*Problem to solve*
Print the lines below word for word, beginning with the first and ending with the line that holds "Quasi tutti i", and skip every picture.
━━━ Record set ━━━
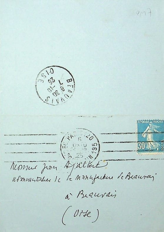 1 lettre autographe signée (2 pages en 1 feuillet in-8), adressée à Jean Ajalbert. Dorgelès lui confirme qu’il va mieux et qu’il a « employé ces jours d’isolement à lire le volume en retard » et qu’il « est maintenant à jour mais bien hésitant, sans candidat pour qui je serais disposé à me faire hacher »
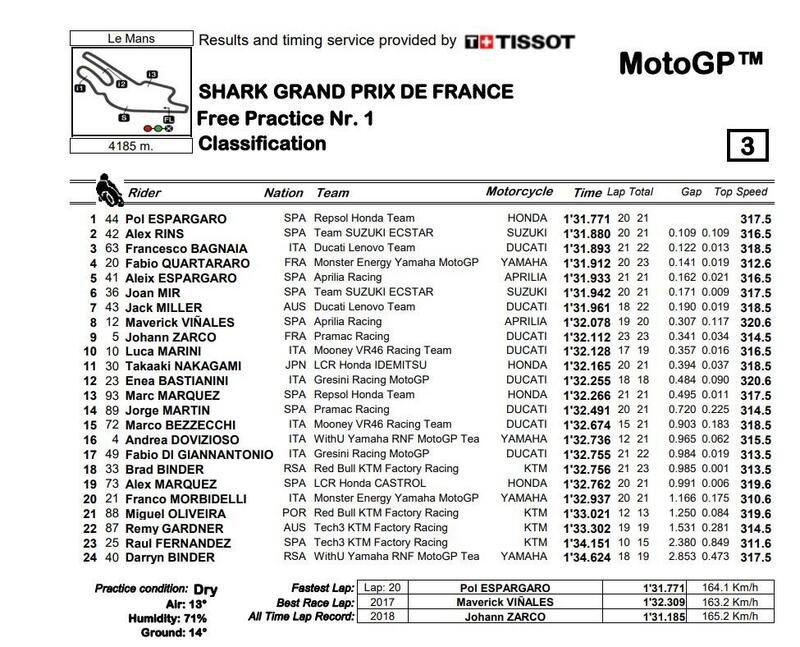 Quasi tutti i piloti hanno girato con la soffice all’anteriore e la media al posteriore, con Fabio Quartararo, quarto, che ha impressionato sul passo: in questo turno è stato lui il più regolare.
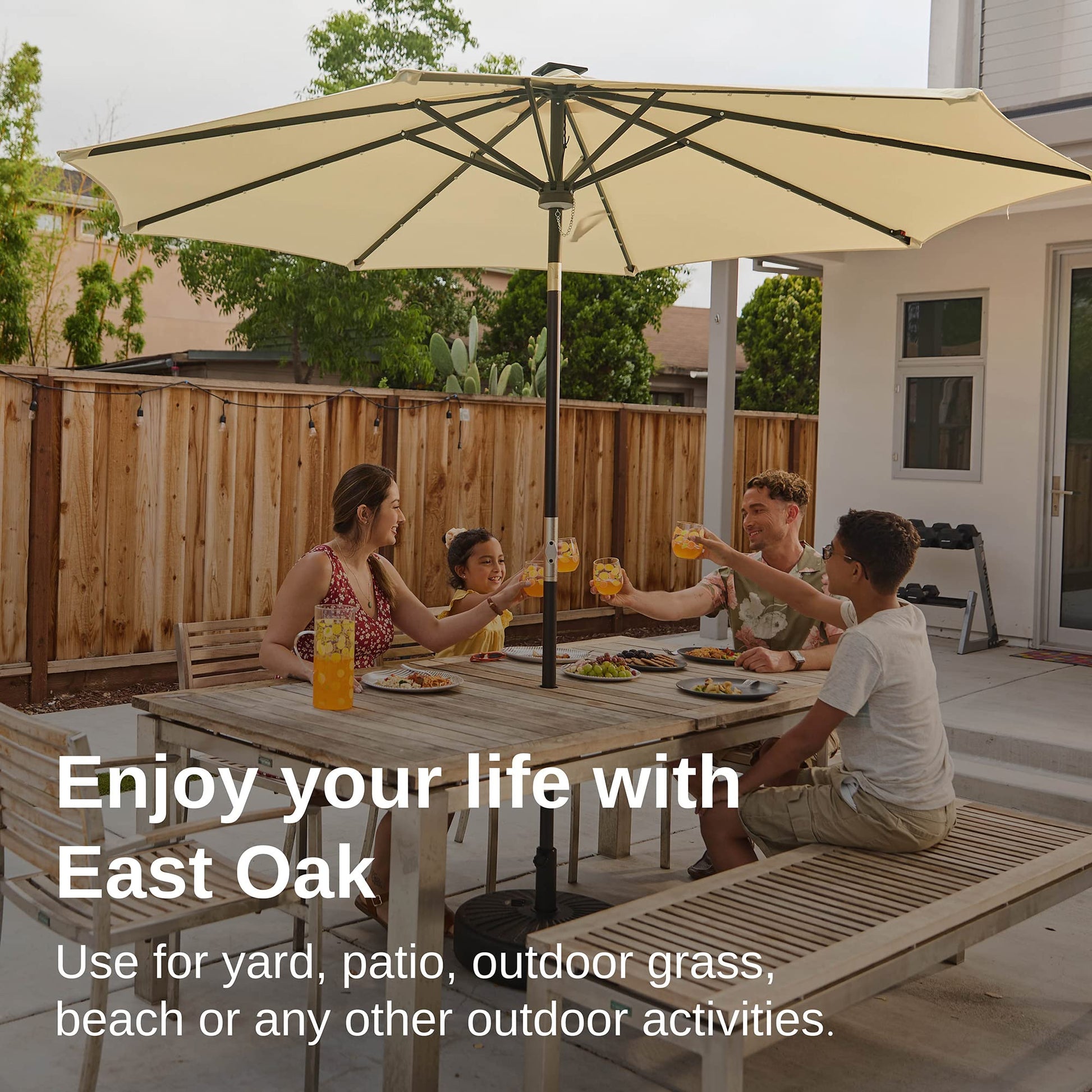 - SOLAR-POWERED LED LIGHTS: East Oak patio umbrellas feature 40 LED lights, and a pre-installed center light to liven up your nights. The clean energy from the attached solar electric panels allows the lights to last 6-7 hours, ideal for nighttime gatherings and relaxed evenings. Flip the switches, bring your friends, and enjoy life.
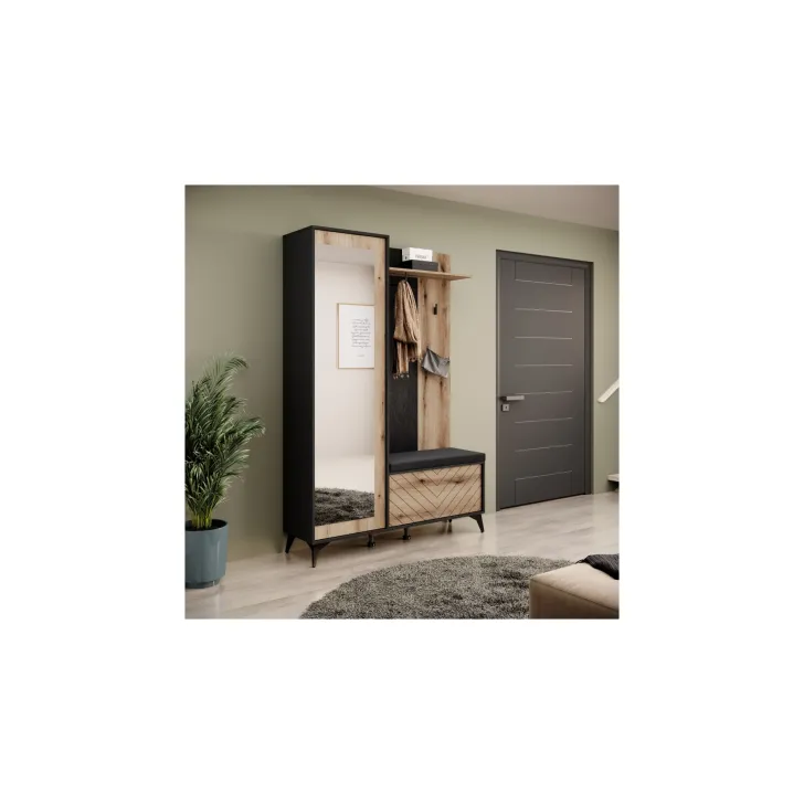 Garderoba "DIAMOND" 134 cm, z lustrem i tapicerowanym siedziskiem, kolor dąb Evoke / czarny
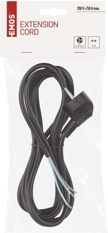 Emos S18373, flexo šnúra 3m, PVC, čierna, 3 x 0,75mm2
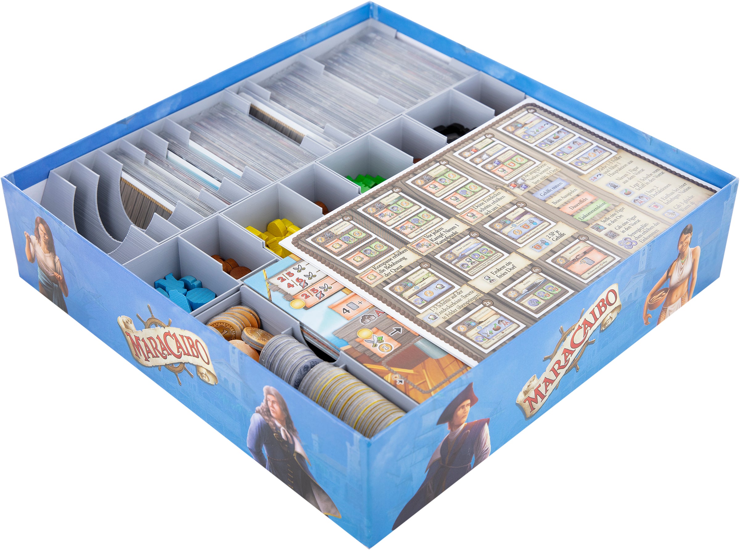 - The Organizer fits into the original board game box and provides space for the entire game material of Maracaibo.
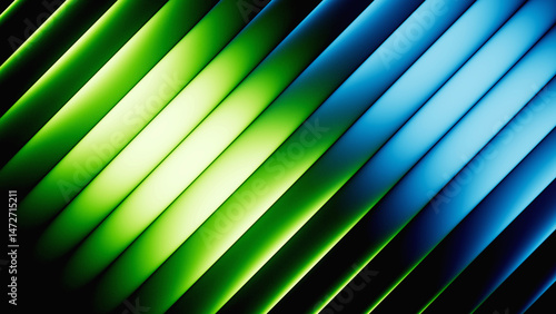 © NeoLeo, Fototapeta premium 3d rendering. Abstract minimalist geometric background. Diagonal metallic texture with blue green gradient. Ribbed glass illuminated with neon light
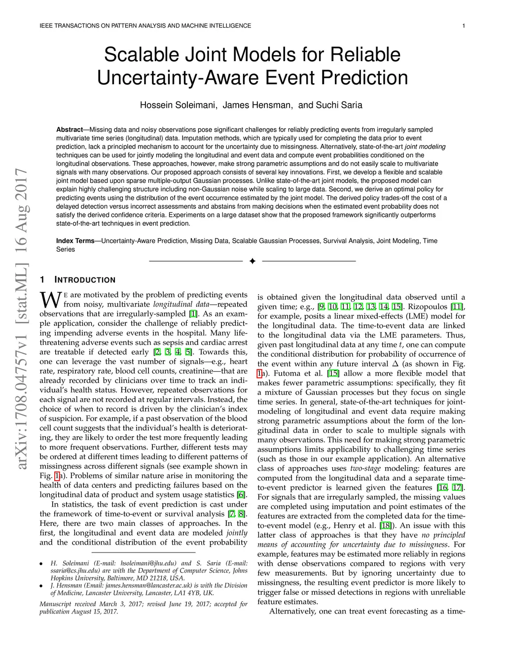 Missing data and noisy observations pose significant challenges for reliably predicting events from irregularly sampled multivariate time series (longitudinal) data. Imputation methods, which are typically used for completing the data prior to event prediction, lack a principled mechanism to account for the uncertainty due to missingness. Alternatively, state-of-the-art joint modeling techniques can be used for jointly modeling the longitudinal and event data and compute event probabilities conditioned on the longitudinal observations. These approaches, however, make strong parametric assumptions and do not easily scale to multivariate signals with many observations. Our proposed approach consists of several key innovations. First, we develop a flexible and scalable joint model based upon sparse multiple-output Gaussian processes. Unlike state-of-the-art joint models, the proposed model can explain highly challenging structure including non-Gaussian noise while scaling to large data. Second, we derive an optimal policy for predicting events using the distribution of the event occurrence estimated by the joint model. The derived policy trades-off the cost of a delayed detection versus incorrect assessments and abstains from making decisions when the estimated event probability does not satisfy the derived confidence criteria. Experiments on a large dataset show that the proposed framework significantly outperforms state-of-the-art techniques in event prediction.
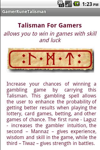 Increase your chances to win games by carrying this Talisman. This gambling spell allows the user to get better results when playing the lottery, card games, betting, and other games of chance. The first rune - Laguz - increases the gambler intuition, the second – Mannaz – gives experience, wisdom and skill in the game, while the third – Tiwaz – gives strength in battles.
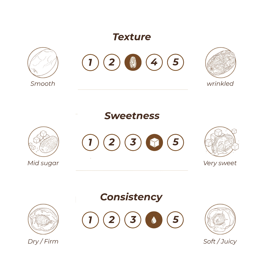Enjoy the balanced flavor of Khudri dates—dark brown with a slightly wrinkled skin and a pleasantly mild sweetness. Their chewy yet light texture makes them an everyday favorite and a versatile choice among date lovers. Each variety is thoughtfully rated for texture, sweetness, and consistency, helping you find the perfect match with confidence
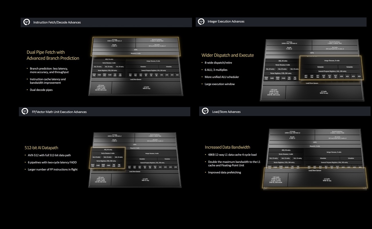- Se ha aumentado la cantidad de caché L1 de 32 KB a 48 KB y pasa a tener 12 direcciones.
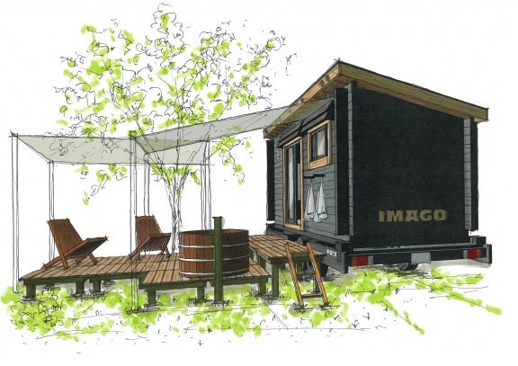 “走るログ小屋”「IMAGO」は2021年10月に発売。可動式で手軽に設置できることから、店舗やキャンプ場施設などに活用され、そのユニークな内外観によって広く話題を呼んでいます。木の香り豊かな本物の国産杉に囲まれた空間を体験した多くの方から、サウナ仕様への問合せ・要望を多くいただいていました。
━━━
*Task response*
 1 lettre autographe signée (2 pages en 1 feuillet in-8), adressée à Jean Ajalbert. Dorgelès lui confirme qu’il va mieux et qu’il a « employé ces jours d’isolement à lire le volume en retard » et qu’il « est maintenant à jour mais bien hésitant, sans candidat pour qui je serais disposé à me faire hacher »
 Quasi tutti i piloti hanno girato con la soffice all’anteriore e la media al posteriore, con Fabio Quartararo, quarto, che ha impressionato sul passo: in questo turno è stato lui il più regolare.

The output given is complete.